PCMH is located in Perryville, MO, with a population of less than 9,000 people.

After identifying this influx of patients, the PCMH Laboratory Director reported on the case information to local and state health officials under state law. The Perry County Health Department immediately began to prepare the investigation of this outbreak and will work on the evidence that will hopefully determine the source and / or cause of the disease. The State Laboratory will receive culture samples of the infected patients to carry out their epidemiological investigation.

The symptoms of Salmonella infection are high fever, diarrhea, bloody stools, fatigue, abdominal pain, nausea and vomiting and severe dehydration. Some patients may have some, but not all, symptoms while others may experience such symptoms. The incubation period for the bacteria is about 12 to 72 hours. If patients have these symptoms, they should seek medical help to get a test to confirm their diagnosis. Knowledge of infection and early treatment are crucial to prevent serious illness and the spread of the disease. Patients with symptoms of severe dehydration; Dizziness, weakness, fainting, confusion and difficulty breathing should seek emergency care.

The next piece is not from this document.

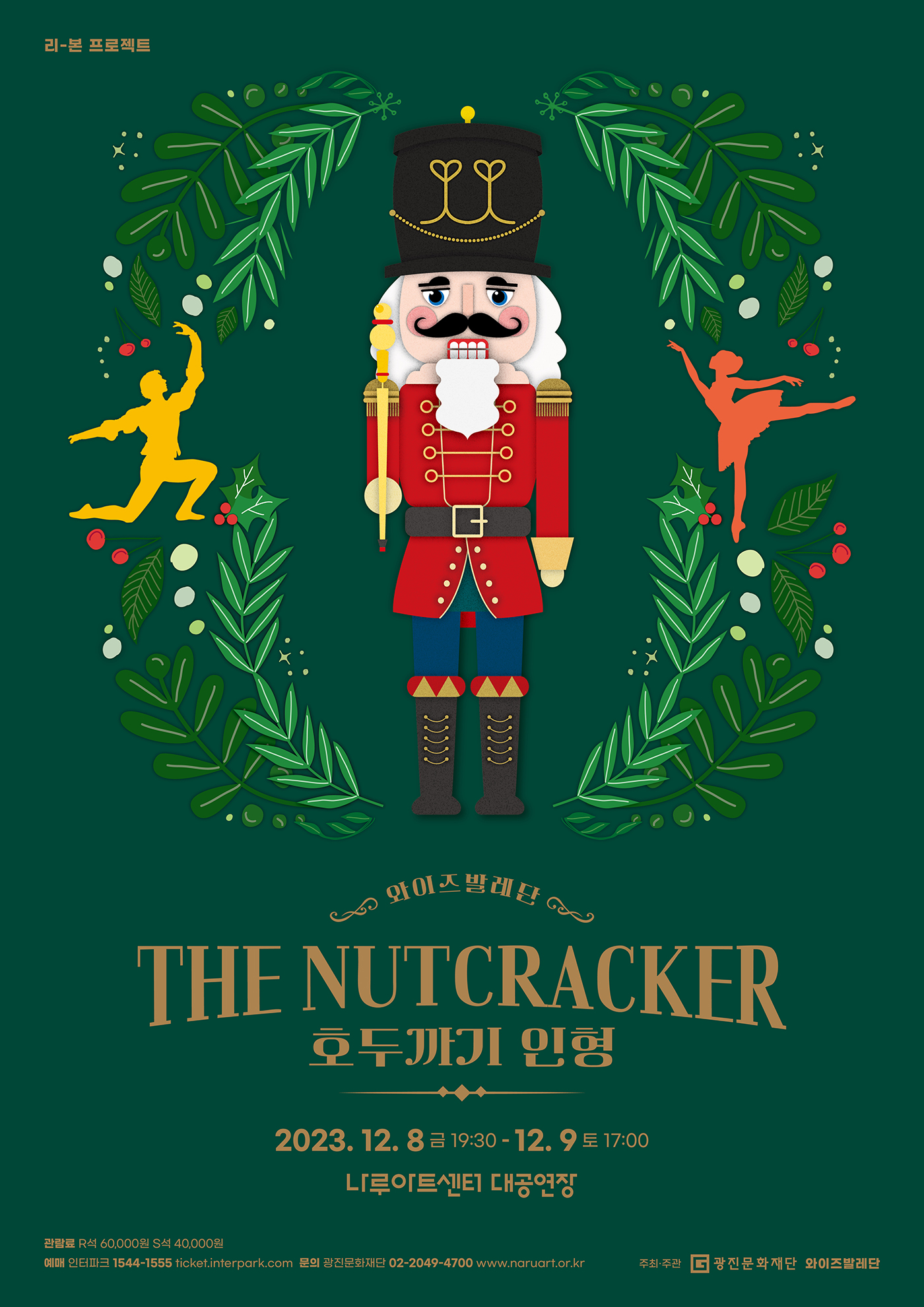 ‣ 공 연 명 : 와이즈발레단 '호두까기 인형' ‣ 공연일시 : 2023. 12. 8(금) 19:30 / 2023. 12. 9(토) 17:00 ‣ 공연장소 : 나루아트센터 대공연장 ‣ 주최/주관 : (재)광진문화재단, 와이즈발레단 ‣ 소요시간 : 110분(인터미션 15분 포함) ‣ 입장연령 : 만 7세 이상 ‣ 입 장 권 : R석 60,000원 / S석 40,000원 ‣ 예약문의 : 02-2049-4700 |
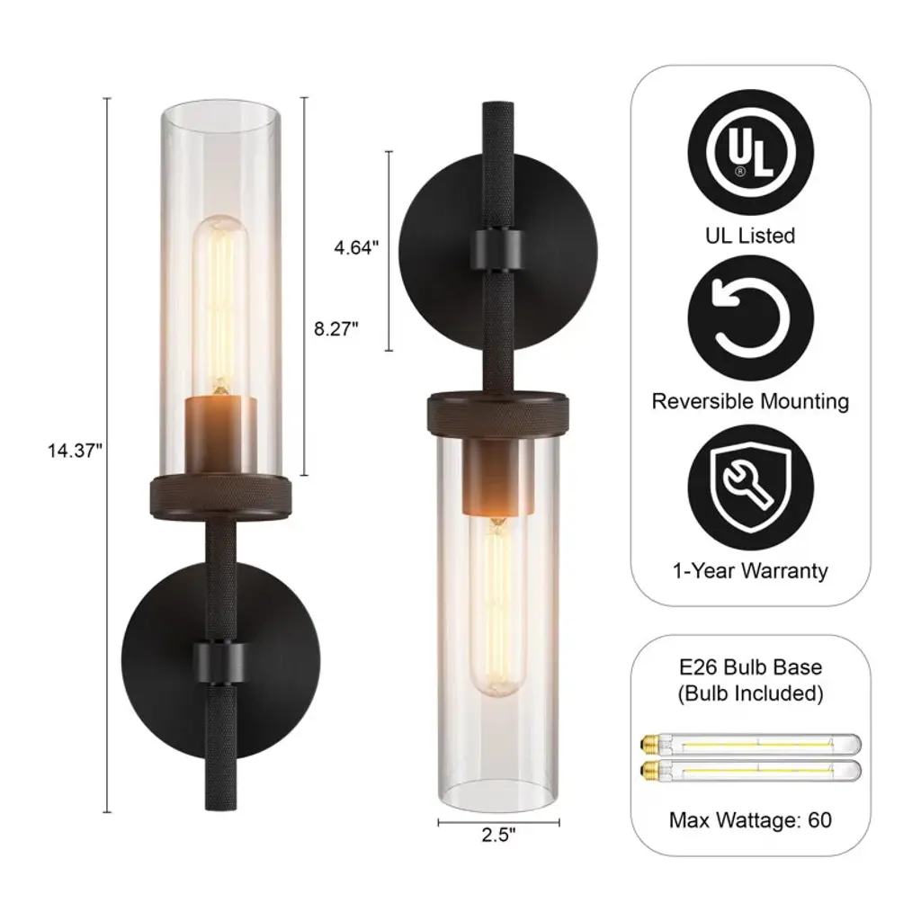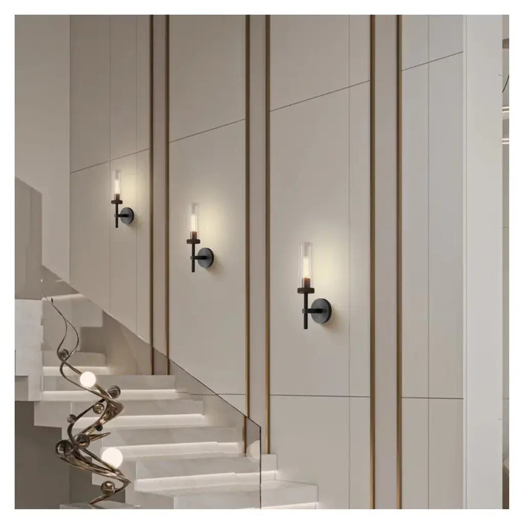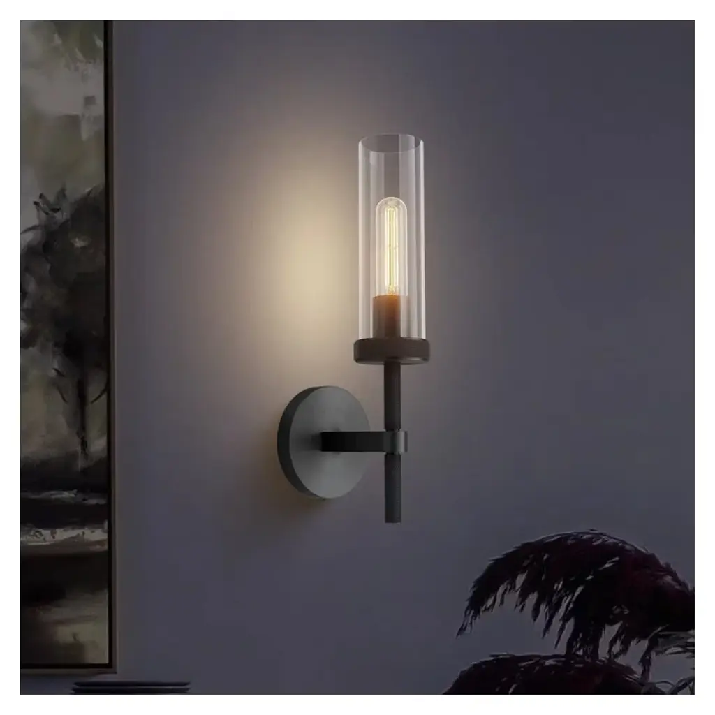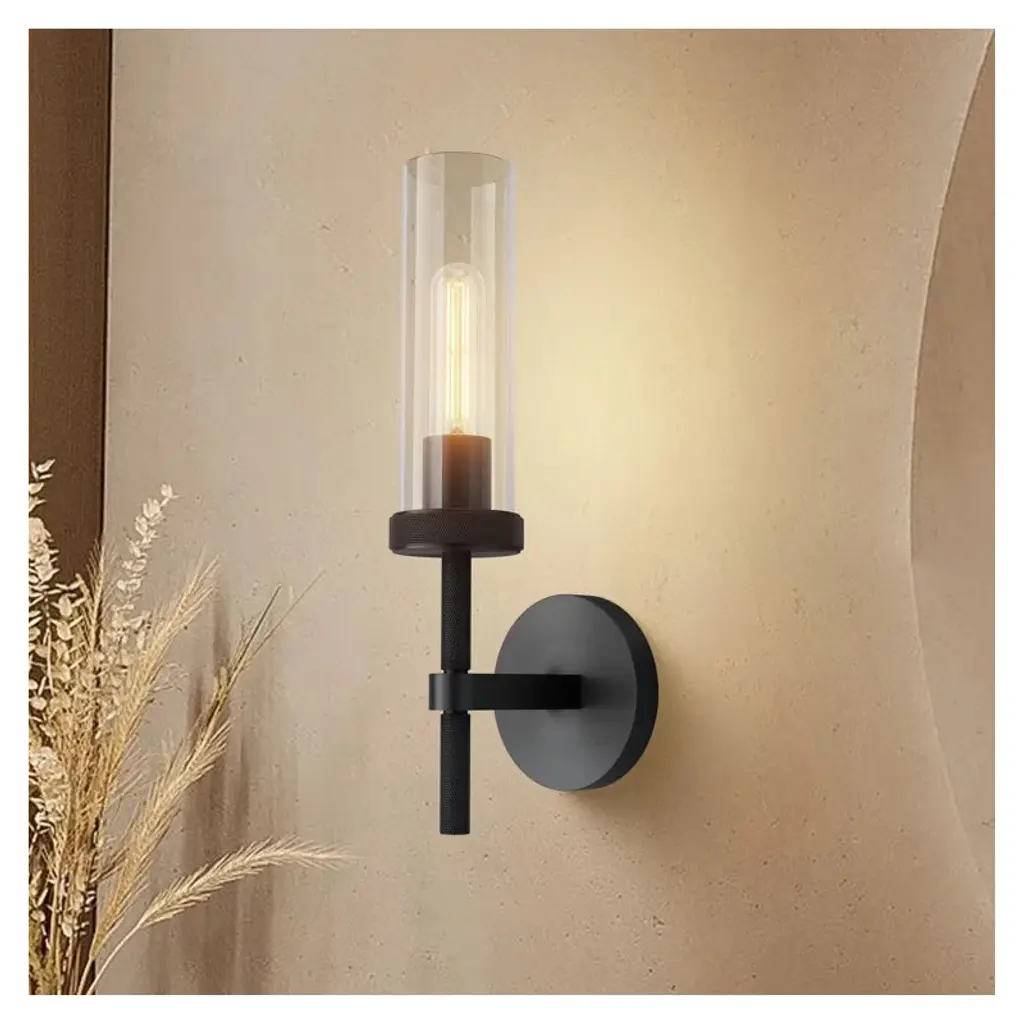 This sleek wall sconce blends modern minimalism with timeless elegance. Featuring a cylindrical glass shade and a finely textured metal body, it offers a refined look suitable for hallways, bedrooms, bathrooms, or living areas. The design provides focused illumination while enhancing ambient light, making it both a functional and decorative addition to any interior. Easy to install and compatible with standard bulbs, it’s an ideal choice for those seeking understated sophistication.

Salmonella are highly contagious and are generally contracted by eating contaminated food. Transmission from human to human can also occur through contamination of hands or objects with bacteria released in the stool. It is a bacterium that can survive on surfaces, resulting in extensive transmission over time. The best way to avoid the contraction and spread of bacteria is to use a good hand washing technique and avoid the contact between human and person with an infected individual. If contact with an infected person is known, thorough cleaning of preparation areas and bathroom surfaces is recommended. Cleaning solutions containing bleach are most effective against Salmonella. Diarrhea must be resolved for at least 24 hours without the use of a diarrhea remedy before returning to work, daycare or school.

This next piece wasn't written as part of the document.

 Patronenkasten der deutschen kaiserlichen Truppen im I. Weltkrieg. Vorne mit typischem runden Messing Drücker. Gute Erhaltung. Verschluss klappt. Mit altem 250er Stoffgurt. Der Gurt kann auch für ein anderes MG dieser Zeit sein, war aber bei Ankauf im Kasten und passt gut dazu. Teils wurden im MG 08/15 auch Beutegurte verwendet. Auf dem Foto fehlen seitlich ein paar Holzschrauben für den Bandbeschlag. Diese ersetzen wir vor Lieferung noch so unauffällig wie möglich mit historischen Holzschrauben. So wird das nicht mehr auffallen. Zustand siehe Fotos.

Special attention should be given to the elderly, immunocompromised patients and young children. These individuals can quickly dehydrate and succumb to other health risks if they have a severe infection.

In July, the PCMH lab introduced a new, highly specialized gastrointestinal tract test panel, which was very useful in these cases. The GI panel quickly detects 22 of the most common organisms that cause diarrhea. This panel provides information about treating patients in 1 to 3 hours compared to traditional chair culture tests, which typically last 3 to 5 days. This test helps a doctor to diagnose the cause of abdominal symptoms, most commonly diarrhea, more accurately and efficiently than conventional tests. Rapid identification of the right infectious agent can ensure appropriate treatment and treatment of a disease, thus helping to limit its spread within the community.